Phil Carty, who runs a boat out of Digby, N.S., says he knows the captain of the missing vessel, Charles Roberts, well.
“I won’t call him fearless, but it seemed like the weather didn’t affect him too much,” said Carty, who drove to the area hoping to help in any way he could.
“I’ve been on the beach. I found a first aid kit out of his life raft and the life rafts are on the shore … it’s a hard hit. We are a community of fishermen, so it’s sad to see this,” Carty said.
“But on the same note, we take a chance every trip, regardless of the conditions … Stuff can still happen.”
Carty said the weather was worse than forecasted and he heard the ship was headed for Digby from Chignecto Bay in a strong northwest gale.
“It’s the last thing on your mind, you always think you’re going to get home. But it’s one of them things where it’s out of your hands.”
Jacob Jacquard, a fisherman in Yarmouth, N.S., has been anxiously waiting for updates all day.
“It’s hard on me. It’s hard on my family. We knew a lot of the guys on that boat,” Jacquard said in an interview with CBC’s As It Happens Tuesday.
“I fished on that boat myself most of last year … three weeks ago the captain called me asking if I wanted to go scalloping with him.”
Jacquard said the crew would have been coming into shore with a full load of scallops when the distress signal was sent.

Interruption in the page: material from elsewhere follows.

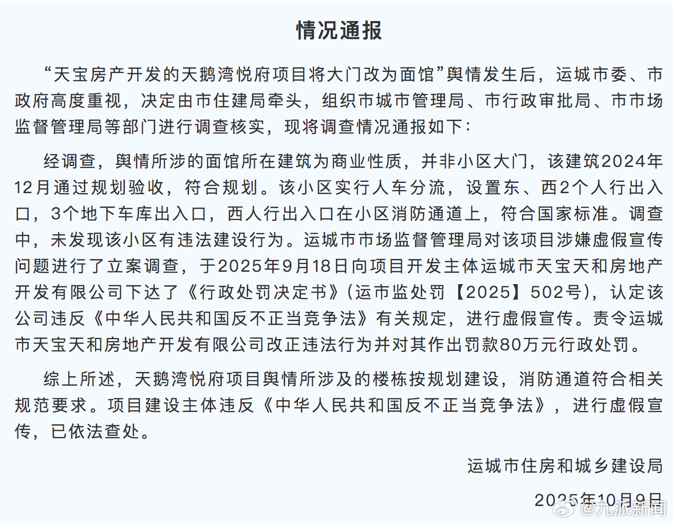 经调查,舆情所涉的面馆所在建筑为商业性质,并非小区大门,该建筑2024年12月通过规划验收,符合规划。该小区实行人车分流,设置东、西2个人行出入口,3个地下车库出入口,西人行出入口在小区消防通道上,符合国家标准。调查中,未发现该小区有违法建设行为。运城市市场监督管理局对该项目涉嫌虚假宣传问题进行了立案调查,于2025年9月18日向项目开发主体运城市天宝天和房地产开发有限公司下达了《行政处罚决定书》(运市监处罚【2025】502号),认定该公司违反《中华人民共和国反不正当竞争法》有关规定,进行虚假宣传。责令运城市天宝天和房地产开发有限公司改正违法行为并对其作出罚款80万元行政处罚。

“It was a really good sea boat,” he said. “That’s why we’re all trying to piece it together of what happened, why it went down. I’ve been on that boat in rougher seas than last night. It would have been really scary. I believe most of the guys would have been in their bunks sleeping.”
Jacquard said the crew would have had survival suits, personal flotation devices and life jackets on board.
“If the guys were in their bunk, and a wave hit them and they rolled, they wouldn’t have had time to put on anything really. They wouldn’t have had time to even get on deck,” he said.
Angela Burnie, a member of the Hillsburn United Baptist Church, which is near Delaps Cove, said the church set up space for first responders to get warm, get some food and use the washroom.
Burnie said she was feeling “kind of overwhelmed.” She said it was windy and “bitter cold” in the area Tuesday, and it’s not a good feeling to hear a search like this is underway in her community.
“Normally the outcome is never all that great,” she said. “We just pray they watch over all the rescuers and hope good comes of this,” she said.
Rev. Bob Elliott said his heart breaks for the communities involved.
“You know what’s going through my head, it’s almost Christmas. These men have been on the water, they’re cold, and something has happened catastrophic,” he said. “My heart goes out to their families and friends and loved ones on this day.”